Budgets, EBITDA, and monthly reports keep the business running. They do not tell you if you’re ready for the next opportunity not whether you’re building enterprise value.
That gap is exactly why I created the Strategic Finance Cheat Sheet—and why I want to walk you through how to actually use it in today’s issue.
Here’s what we’re covering in this issue:
What strategic finance actually unlocks—and why you need it
Why companies plateau even with strong accounting and FP&A teams
The upcoming Budgeting Masterclass you won’t want to miss
Early Bird and 1-1 Strategy Call Bonus for the first 2026 cohort of the CEO Program
What strategic finance actually is—and why you need it
Strategic finance is not an upgraded reporting function.

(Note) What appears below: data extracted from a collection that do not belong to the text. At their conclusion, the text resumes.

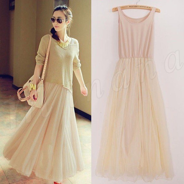 ニットトップス+マキシワンピ 2点セット シフォン ワンピ 着痩せ レディース マキシワンピ 無地 ふんわり
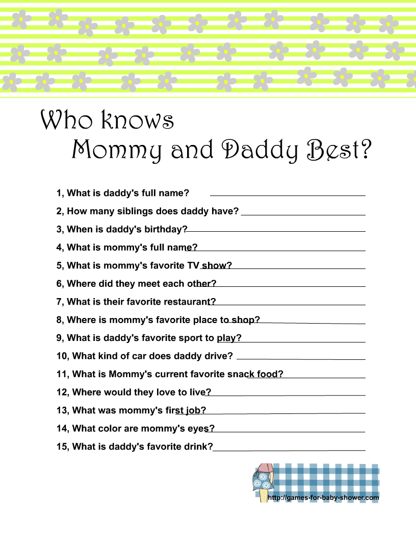 Free Printable Baby Shower Games: Who Knows Mommy the Best
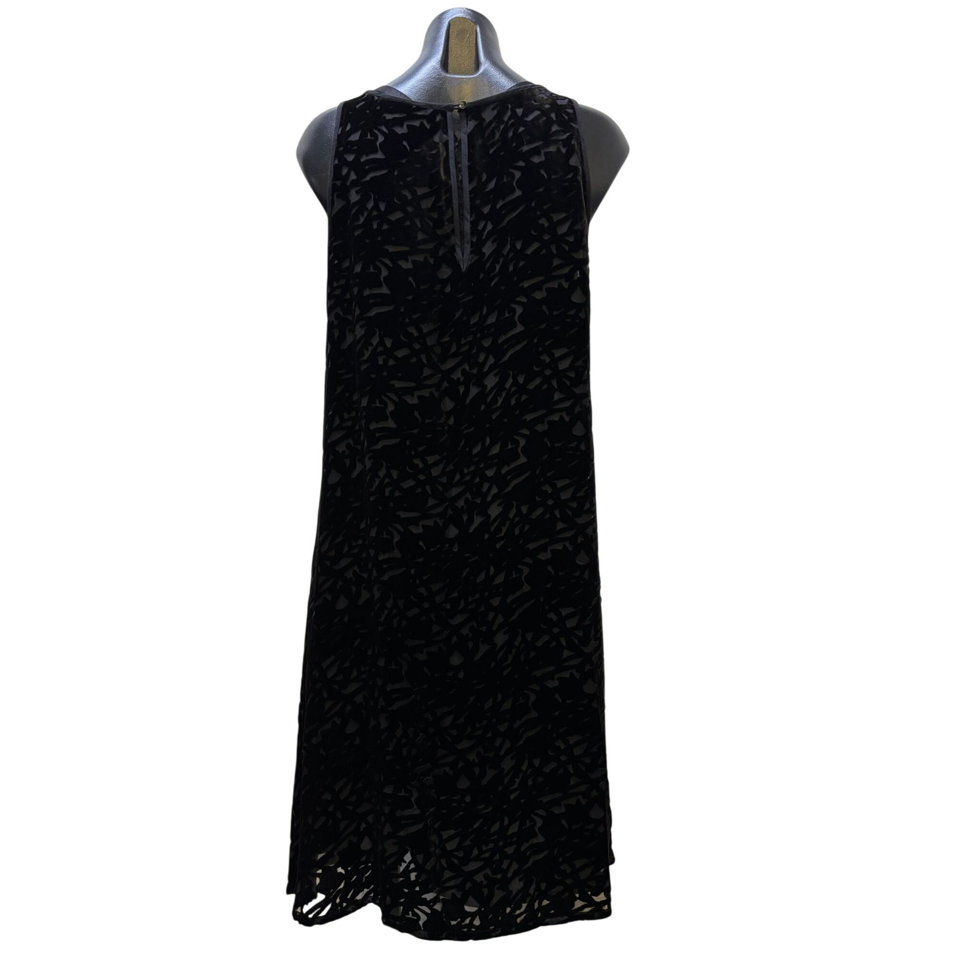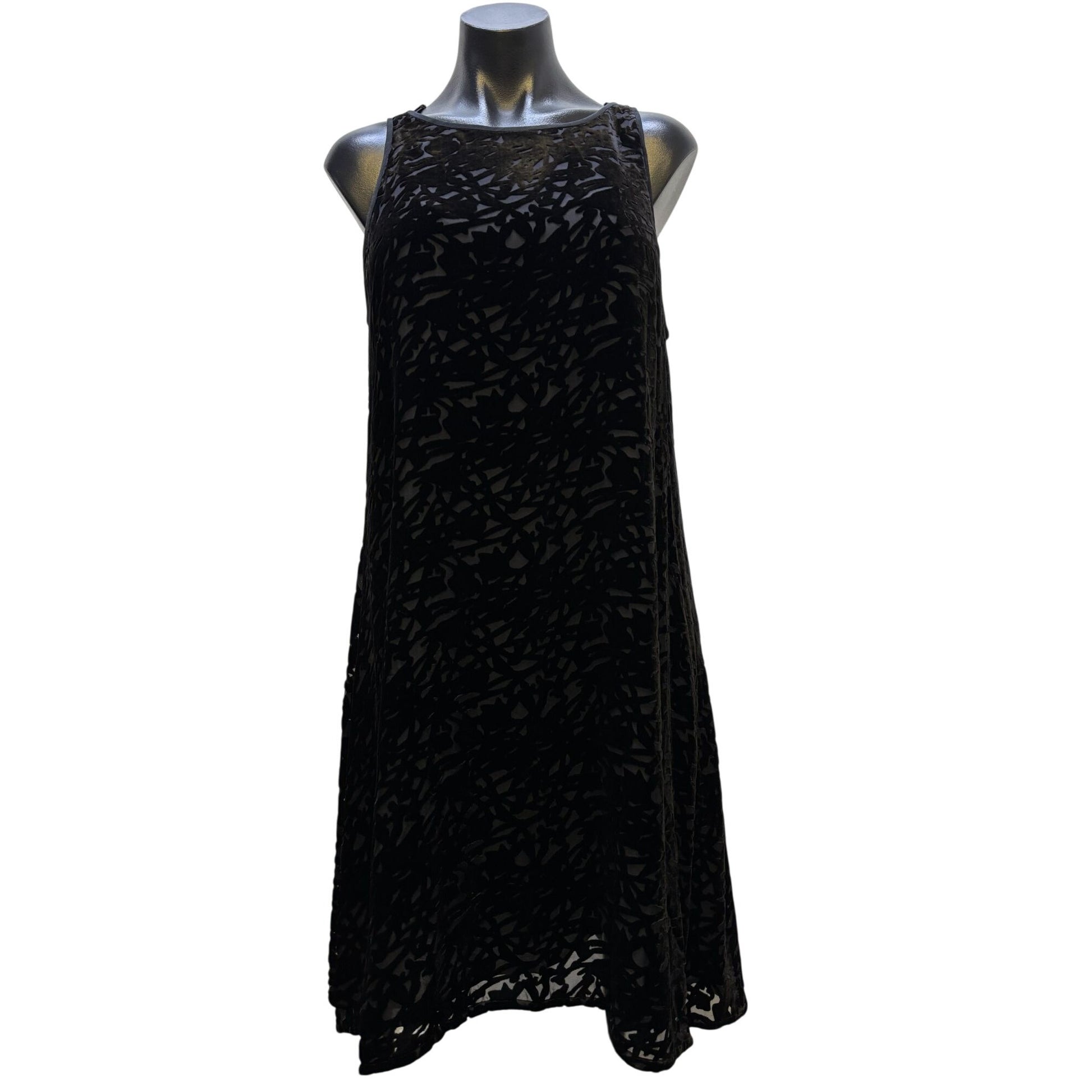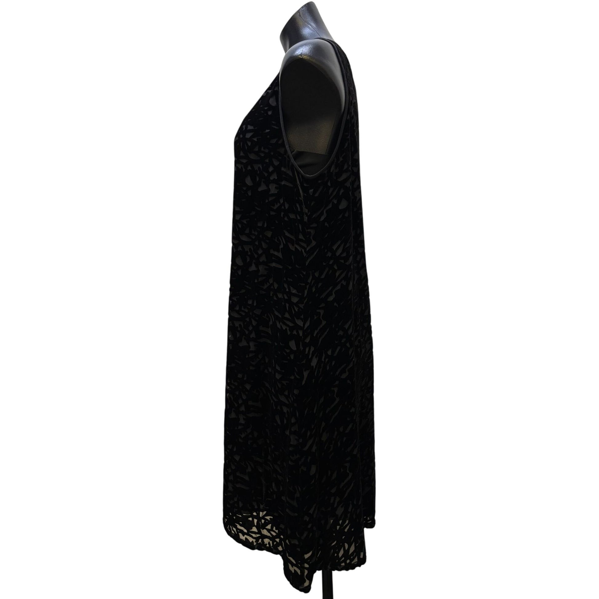 This elegant black velvet dress by Eileen Fisher offers a polished and sophisticated look. The A-line silhouette and ballet neckline ensure timeless style.

It is not better dashboards, faster closes, or more detailed forecasts.
Strategic finance is the discipline of deciding today using tomorrow’s constraints.
To practice it, leadership must start with a longer time horizon and work backward.

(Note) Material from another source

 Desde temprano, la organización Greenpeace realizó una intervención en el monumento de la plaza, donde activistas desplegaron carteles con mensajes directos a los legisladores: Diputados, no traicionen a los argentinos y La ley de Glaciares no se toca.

Instead of asking, “What can we afford this year?” strategic finance asks, “What must be true financially for our strategy to succeed three years from now?” That answer then dictates how much capital is required, when cash must be available, how much risk the balance sheet can absorb, and what trade-offs are non-negotiable.

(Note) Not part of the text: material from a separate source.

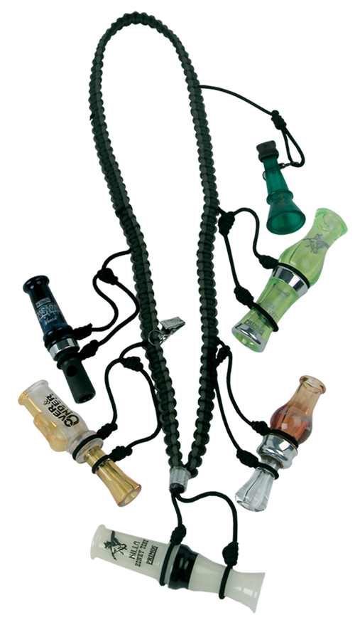 This hand-crafted lanyard features seven double-loop drops with heavy-duty black swivel snaps, allowing you to securely attach and organize up to seven waterfowl calls or whistles. Constructed from durable 550 paracord with an adjustable, widened neck strap designed for all-day comfort during hunting. The versatile setup accommodates any hunting scenario with customizable configuration options.

This is the critical shift: operating finance manages performance inside known limits. Strategic finance defines the limits before they become binding.
A finance function becomes strategic when it can anticipate how today’s decisions affect future capacity and flexibility.
For example, hiring ahead of revenue growth may improve execution this year but weaken cash coverage next year. Aggressive revenue growth may look strong on the P&L but quietly extend the cash conversion cycle and increase dependency on external capital.
Strategic finance surfaces these consequences early so leadership can choose intentionally rather than react later.
If your finance team cannot show you whether the business will be capital-ready 12 to 18 months from now, whether growth can fund itself, or whether today’s decisions increase or reduce enterprise value over a multi-year horizon, then your finance may be operating—but it definitely isn’y strategic.
Why companies plateau even with strong accounting and FP&A teams
Most companies that plateau are not poorly managed. They often have disciplined budgets, strong accounting teams, capable FP&A functions, and leadership teams that “hit the numbers.”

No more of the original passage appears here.